Anyone here use a Belarus tractor? How does the air cooled diesel run? Do they get hot?


----------



## bear (Oct 20, 2003)

deutz used an air cooled deisel worked good as long as you kept them clean. i've never seen a belarus air cooled but theres a belarus dealer close by i'll check with him


----------



## Live Oak (Dec 22, 2003)

From what a Canadian friend tells me; those Belarus aircooled tractors are tough old goats that work VERY well in extreme cold climates. Any aircooled diesel you are going to have to periodically ensure the air jackets are cleaned out and open.


----------



## Chipmaker (Sep 16, 2003)

They were a big "fad" here at aone time, but none around anymore..........they just could not stand the heat. FWIH they work best in colder climates..........but in thre south well, its just too hot, especially dragging a plow opr disk or bush hog around all day long.....


----------



## bear (Oct 20, 2003)

i guess they did make a few of them http://www.belarus.com they have most of the models listed there


----------



## parts man (Sep 24, 2003)

The Belarus was Russian made and looks pretty rough. The castings are bulky and awkward when compared to american made tractors. If you are mechanically inclined you could get some cheap HP, if not, you get a major head-ache!


----------



## Big Allis (Nov 24, 2003)

my uncle had a belarus was great tractor lot poer and worked good till it broke swn n was hard get parts for but ive heard noe thy r easier get parts for thy are a cheap HP tractor


----------



## parts man (Sep 24, 2003)

If you have a dealer handy, shouldn't be to hard to get parts for now, but they don't perform like a Deere or Ford or CaseIH.
A neighborhad a 93HP model, dynoed at 103, but when put to heavy work would not hold up. (He was useing one of those "Merry Crusher" brand tiller things). A 80 HP Ford would run the machine all day and not break a sweat. The problem was that the Belarus's torque peak was @ 1400 RPM, but the peak HP developed at 2200 RPM. Whe the tractor had to actually work the engine would slow down to the torque band, but didn't have enough power to keep running. In hard going it would stall, and it broke numorous PTO housings. He had to get rid of it.


----------



## bobsacks (Dec 18, 2006)

We used to be a Belarus dealer and we sold a ton of them over the years. The 800 and 900 series were the best. Those things ran like a tank. We actually had one guy who cracked/broke his crank shaft. He ended up just tightening down the main bearings and running it the rest of the season.


----------



## Eddinberry (Dec 3, 2006)

Belarus sold like Calamine at a Poison Ivy festival around here for 2-3 years.
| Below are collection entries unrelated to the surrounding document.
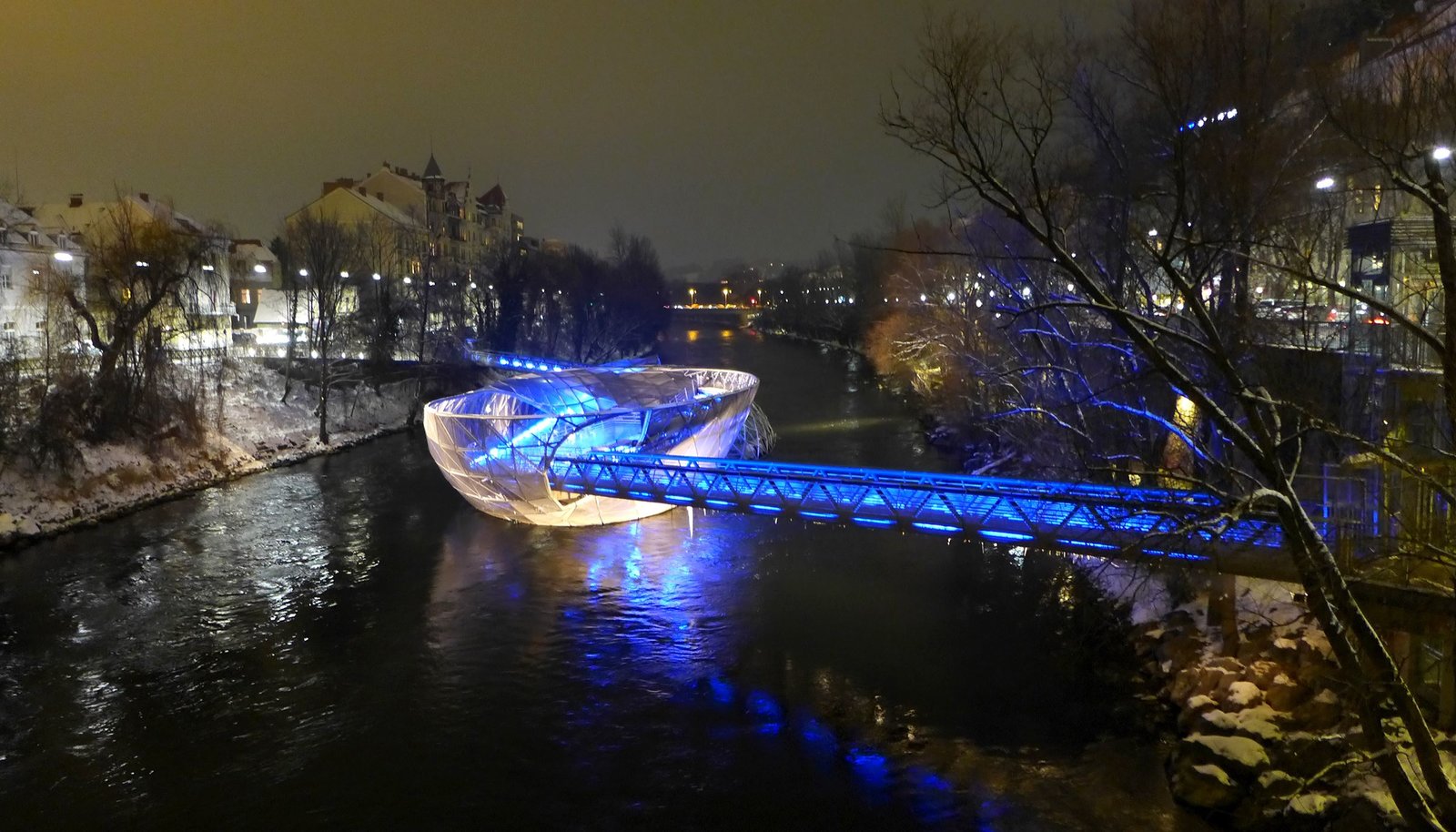 Graz, da will ich hin!Die Murinsel bei Nacht.Bild: © SR/Ute Werner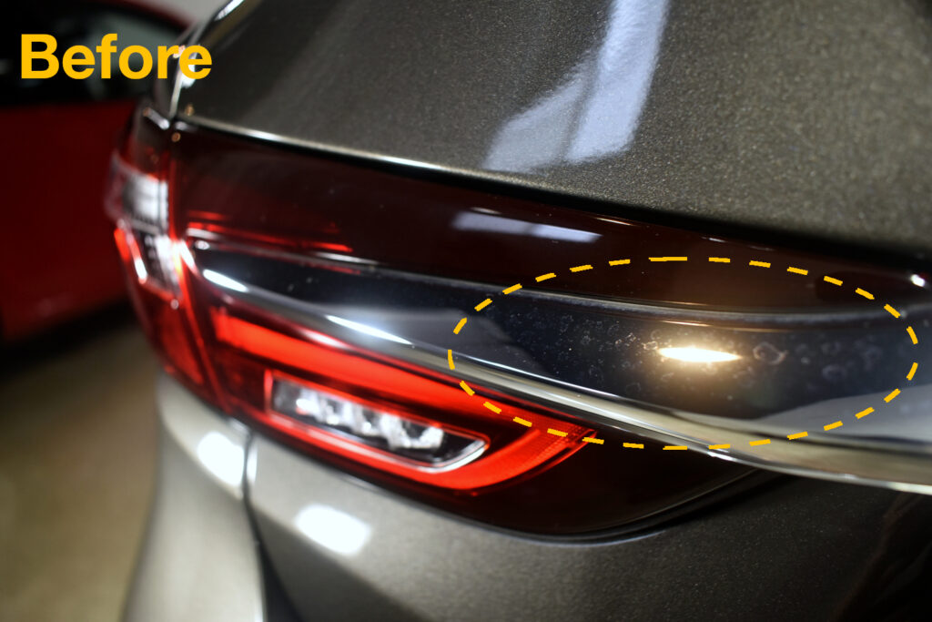 テールランプ付近には目立つ水染みがありました。クロムメッキは膜厚が薄いので慎重に研磨を行って除去します。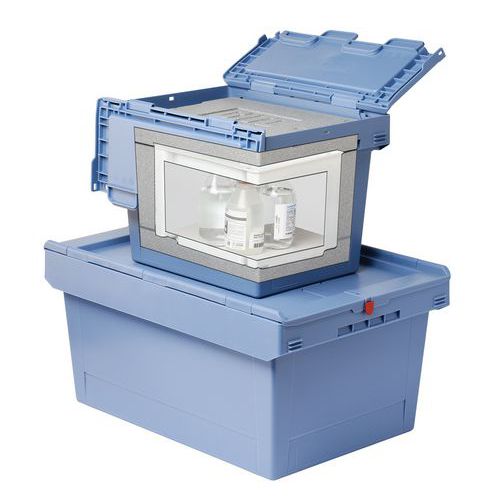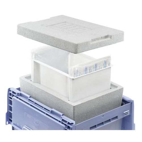 Composition : - 1 box Neopor® avec couvercle - 1 insert en PS lavable - 3 accumulateurs de froid par insert Icecatch® Solid Isolated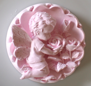 バラを愛でる天使(丸型)を使って、アロマストーン水のお色を赤色にすると、こんな感じに仕上がりますよ。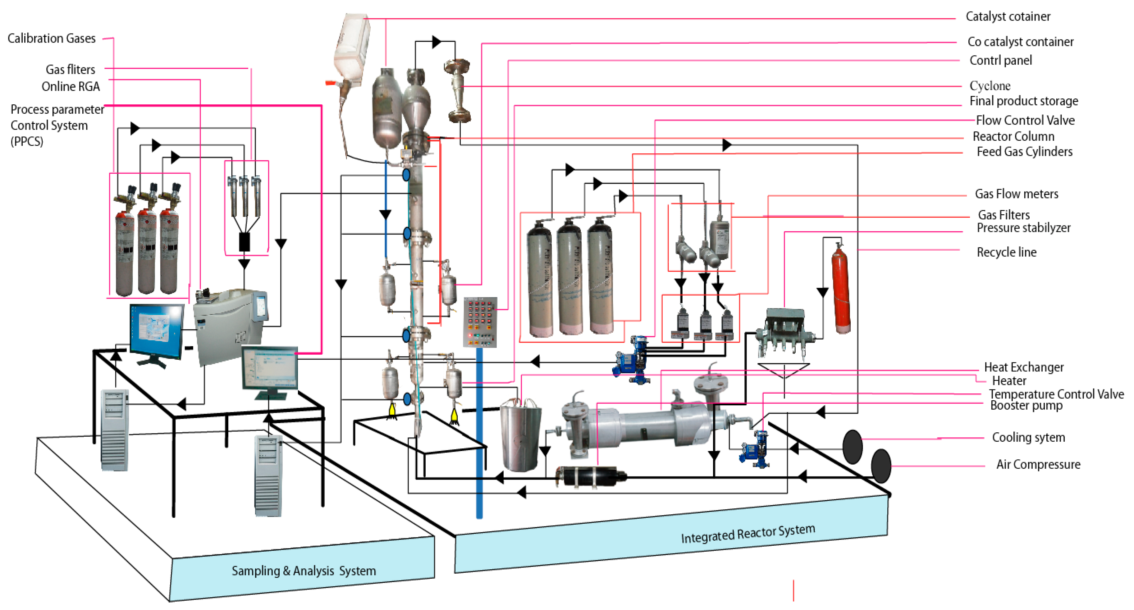 Sampling and analysis system integrated with a pilot scale fluidised bed catalytic reactor.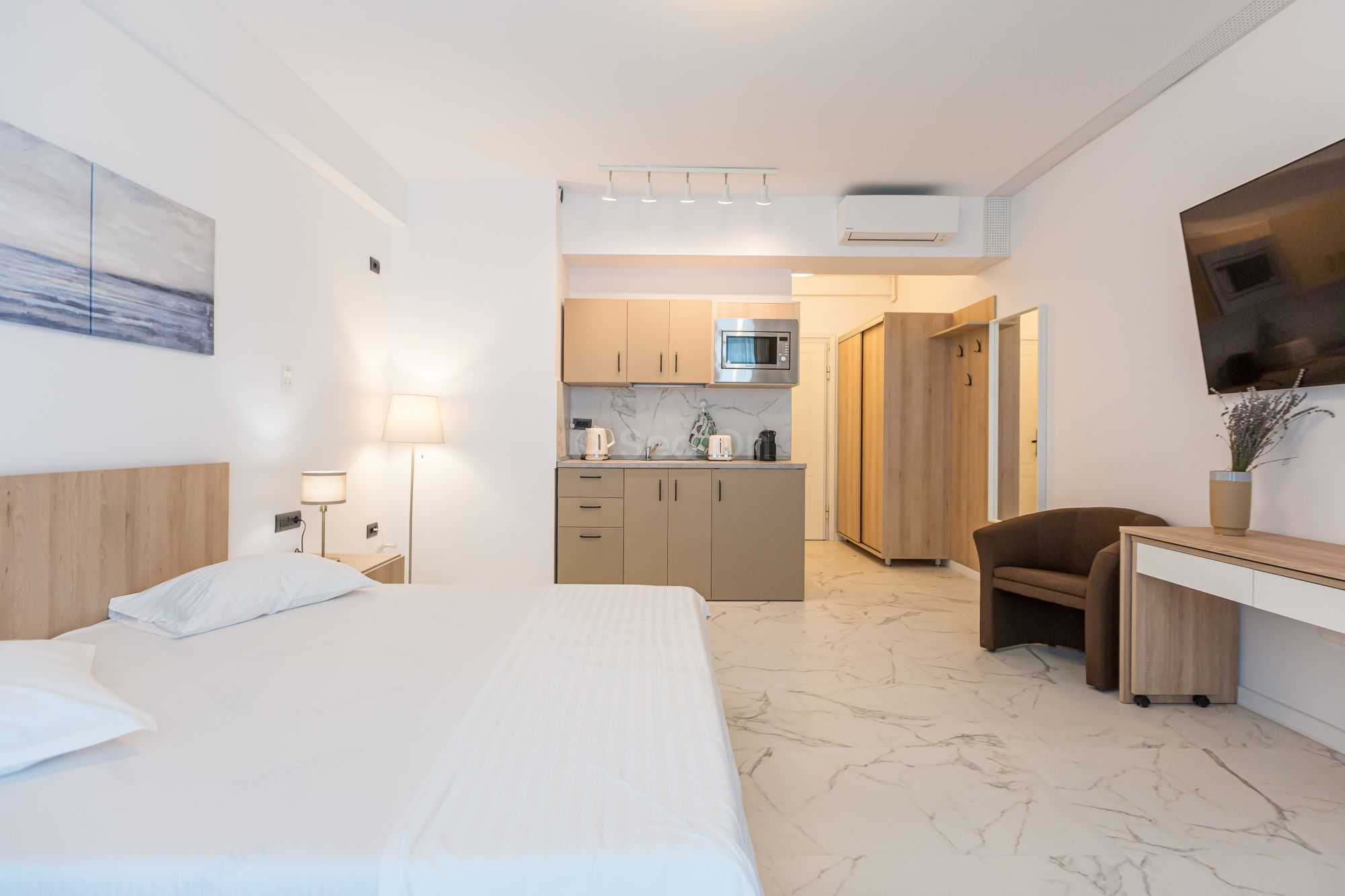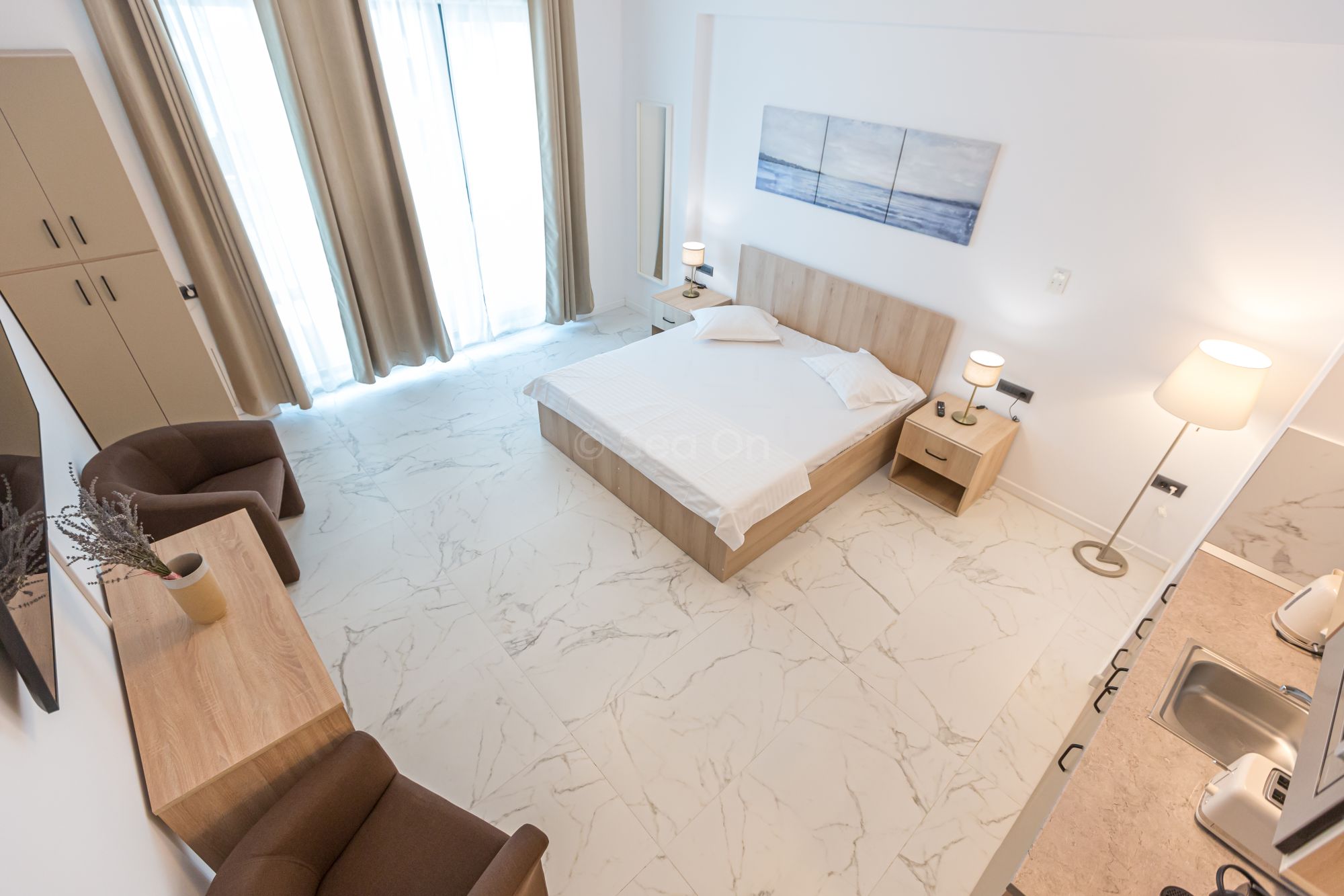 Studio-urile noastre dispun de terase, unde vă puteți bucura de briza mării, savurând cafeaua de dimineață sau admirând luna răsărind din mare.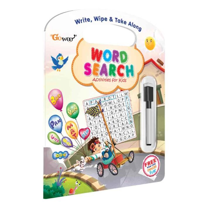GoWoo proudly presents the Write, Wipe & Take Along Activity Book: Word Search Activities for Kids! This convenient activity book, sized at 11 x 8.5 inches, is designed to provide endless entertainment and learning opportunities for children on the go.Featuring a wipe-clean surface, this activity book allows children to engage in the fun and challenging task of finding hidden words in a grid of letters. With just a dry-erase marker or cloth, children can circle or mark the words they find, then wipe the page clean to start a new word search, providing endless opportunities for puzzle-solving and enjoyment.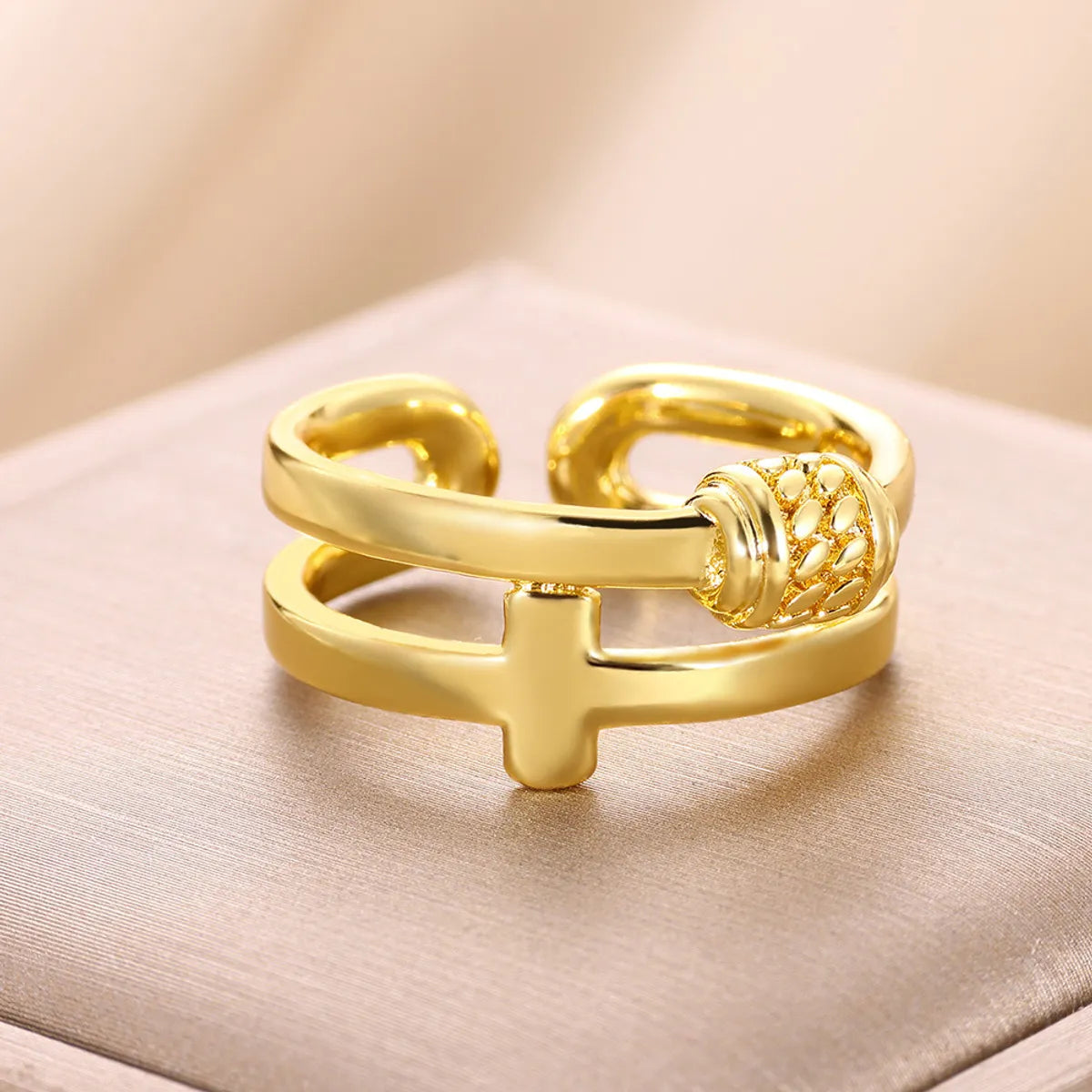 Wholesale Jewelry Simple Style Classic Style Solid Color 304 Stainless Steel Gold Plated Plating Rings
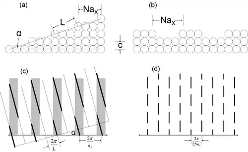 Surface features in a material produce variations in the CTR intensity, which can be measured and used to evaluate what surface structures may be present. Two examples of this are shown in Fig. 3. In the case of a miscut at an angle , a second set of rods is produced in reciprocal space called superlattice rods, tilted from the regular lattice rods by the same angle, . The X-ray intensity is strongest in the region of intersection between the lattice rods (grey bars) and superlattice rods (black lines). In the case of ordered alternating steps, the CTR intensity is chopped into segments, as shown. In real materials, the occurrence of surface features will rarely be so regular, but these two examples show the way in which surface miscuts and roughness are manifested in the obtained diffraction patterns.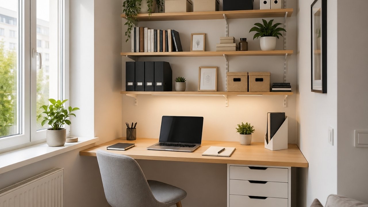 Nedostatak prostora nije prepreka za dobar radni kutak. Kada se prostor pravilno organizuje, ฤak i mali sto moลพe postati potpuno funkcionalno mesto za rad.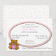 Sweet pastel baby shower invitation. With graphic artwork of a pastel pink on white polka dot pattern as a background and a pink rimmed white oval text area, in the middle. Cute cartoon teddy bear, in the lower left corner, finishes off this baby shower invitation sure to please the mum to be. Customise the text to suit your party needs.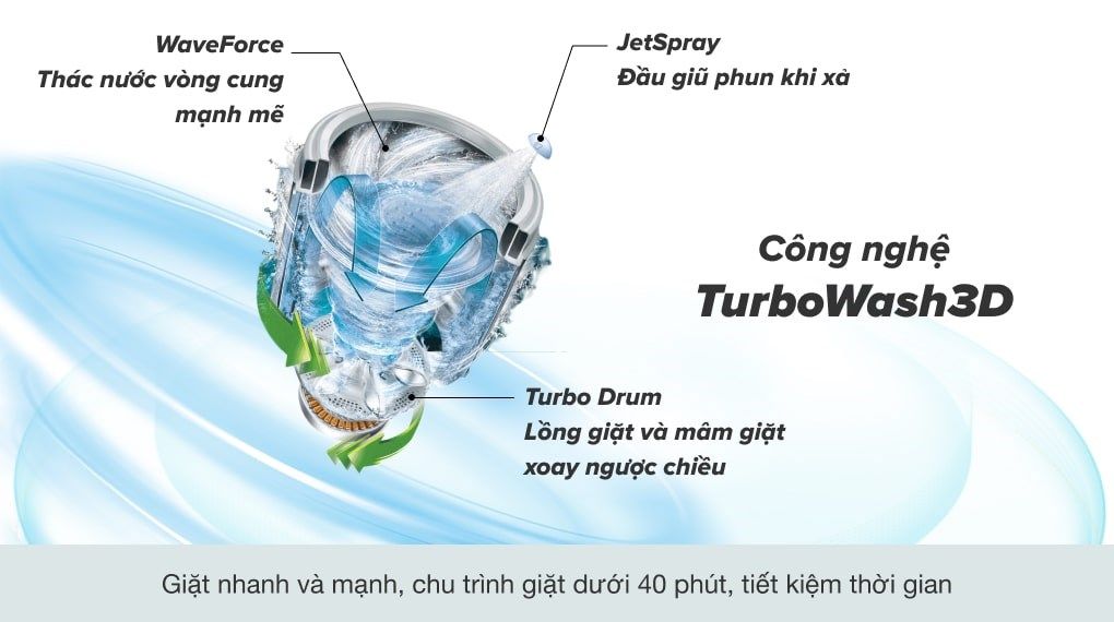 Công nghệ giặt TurboWash 3D không chỉ mang đến khả năng giặt sạch với thác nước vòng cung áp lực mạnh mẽ mà nó còn góp phần giúp bạn tiết kiệm thời gian giặt giũ cho bạn.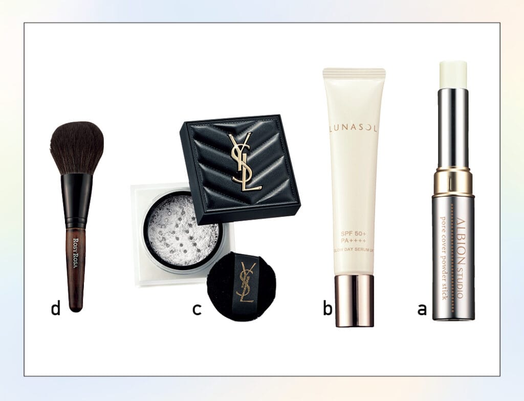 おでこ、小鼻など皮脂崩れしやすい部分にaをのせてテカリと毛穴落ちを予防。
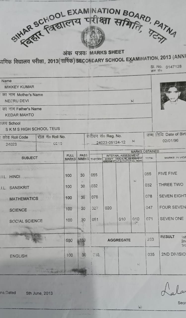 | Exam | Full Marks | Pass Marks | Marks Obtained |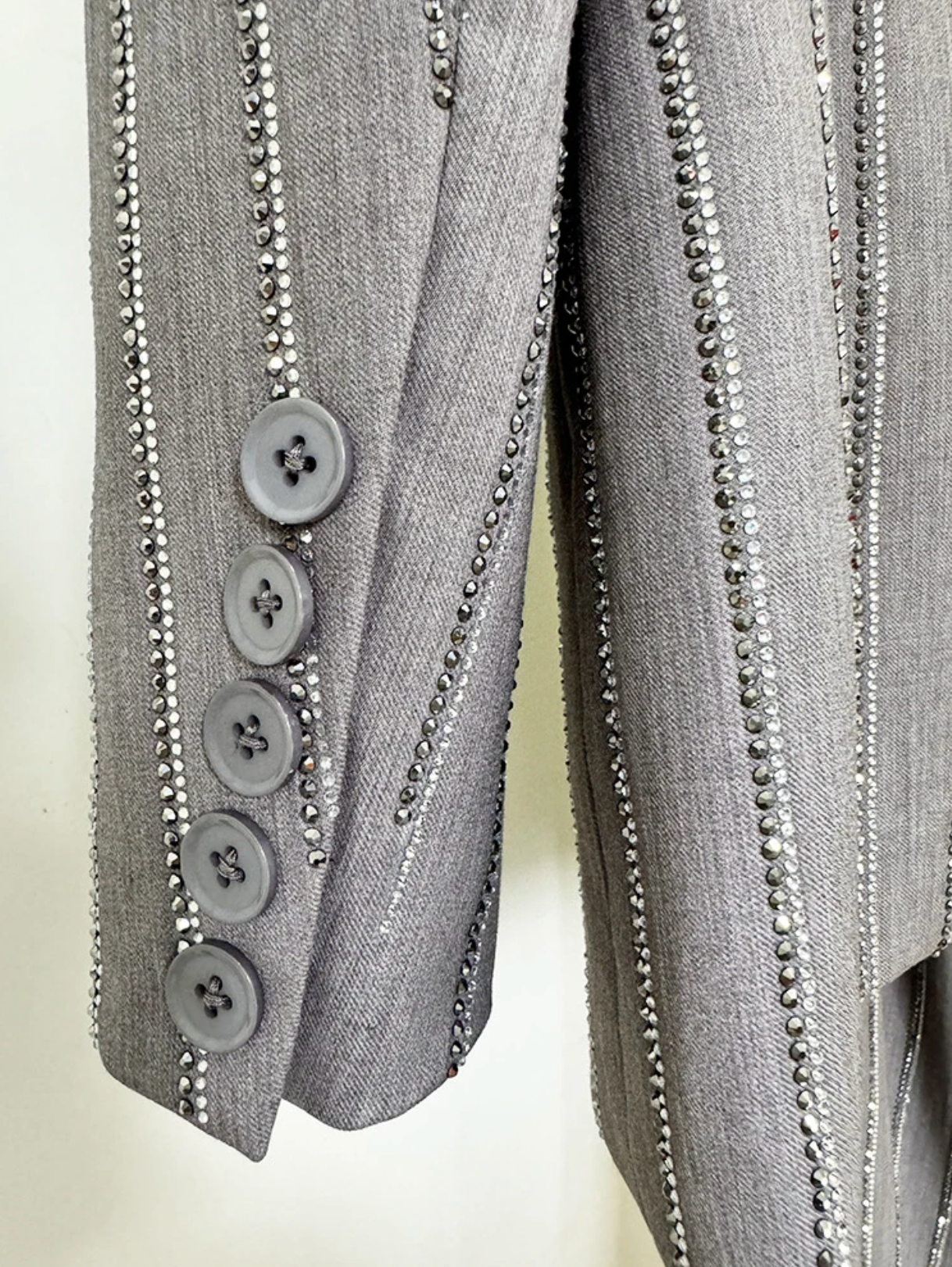Elevate your wardrobe with our Venezia Vista Two Piece Set. This chic and sophisticated set features a solid lapel coat with long sleeves and pockets, paired with high-waisted pants for a high-end fashion statement. Perfect for the modern, fashionable woman looking for elegance and versatility.

Now they are for sale everywhere, and cheap.

The call of cheap Horsepower can't be ignored.

The problem now is parts and service.

My Neighbor bought one and ran the snot out of it.
It was reliable, and hadlots of Grunt in the black Mud.

Recently he blew out the front drive axle.
Parts will cost more than the thing is worth if they can be found.


I wish there was better support for them, they run like a TOP, and run well in the cold without drama.

The lack of support has killed sales around here.

The same thing is happening with "Same' "Tractors.

It's the old Deutz Mill in a compact Orchard tractor.
Keep the air passages clean and they run untill ya break something in the driveline...then it's time to pay out the nose!

Merry Christmas!!!
Eddinberry


----------